Task brief:
From the line with "Infelizmente, sugestões anteriores" to the line with "3月16日晚,流調人員在進行軌跡排查。新華社記者劉穎攝", output every line below exactly, both ends included. Skip the pictures.
#### Data shown
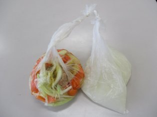 食器を汚さないように、ご飯のポリ袋で食器を包んでいただきました。
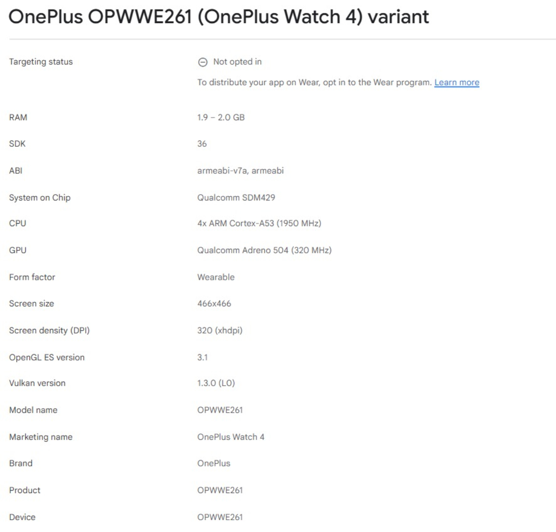 Infelizmente, sugestões anteriores de que a OnePlus teria transferido o hardware do antigo Watch 3 eram precisas (atualmente, US$ 249,99 na Amazon). Por exemplo, o Google Play Console descreve que o Watch 4 combina 2 GB de RAM com o Snapdragon W5 Gen 1 da Qualcomm, em vez do mais recente Snapdragon Wear Elite.
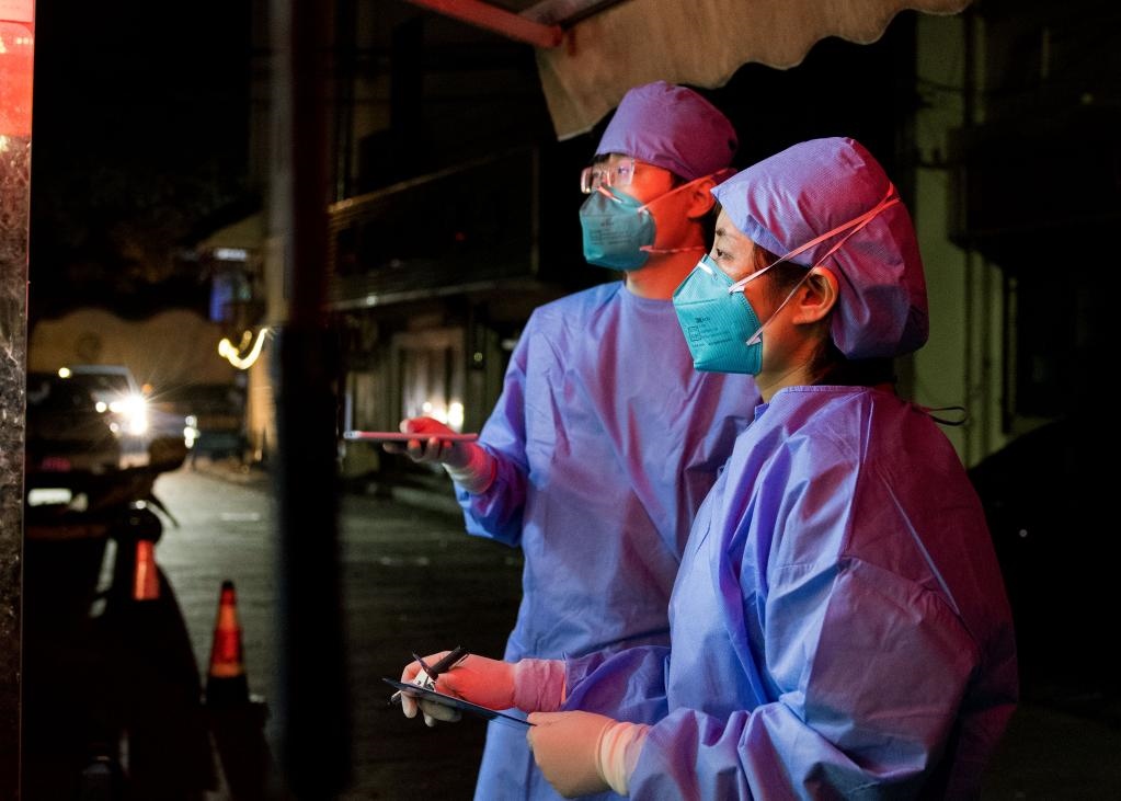 3月16日晚,流調人員在進行軌跡排查。新華社記者劉穎攝
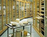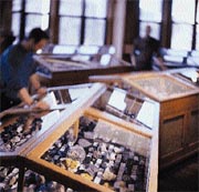 | Grad student Temsin Rotheray at work on a fossil in a basement laboratory. The museum's paleontology collection includes 100,000 invertebrates from the St. Lawrence lowlands, 30,000 paleobotanical fossils from eastern Canada and 10,000 vertebrate specimens, as well as casts of early reptiles and amphibians. |   |
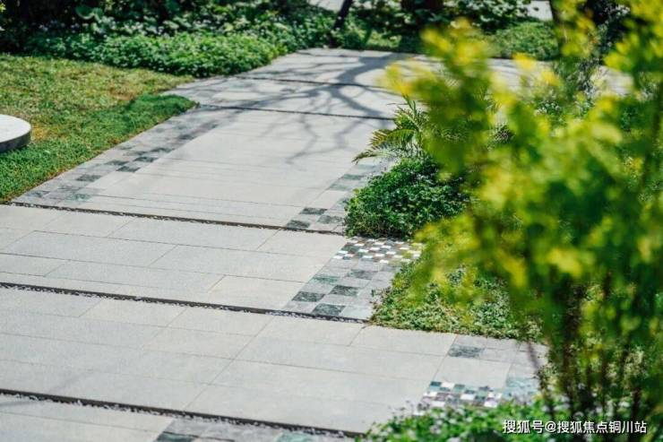 水磨石台面构建的花园小径,与整个绿地景观相生相融,圆润的线条与景观的此起彼伏相得益彰。
########
Your solution:
 Infelizmente, sugestões anteriores de que a OnePlus teria transferido o hardware do antigo Watch 3 eram precisas (atualmente, US$ 249,99 na Amazon). Por exemplo, o Google Play Console descreve que o Watch 4 combina 2 GB de RAM com o Snapdragon W5 Gen 1 da Qualcomm, em vez do mais recente Snapdragon Wear Elite.
 3月16日晚,流調人員在進行軌跡排查。新華社記者劉穎攝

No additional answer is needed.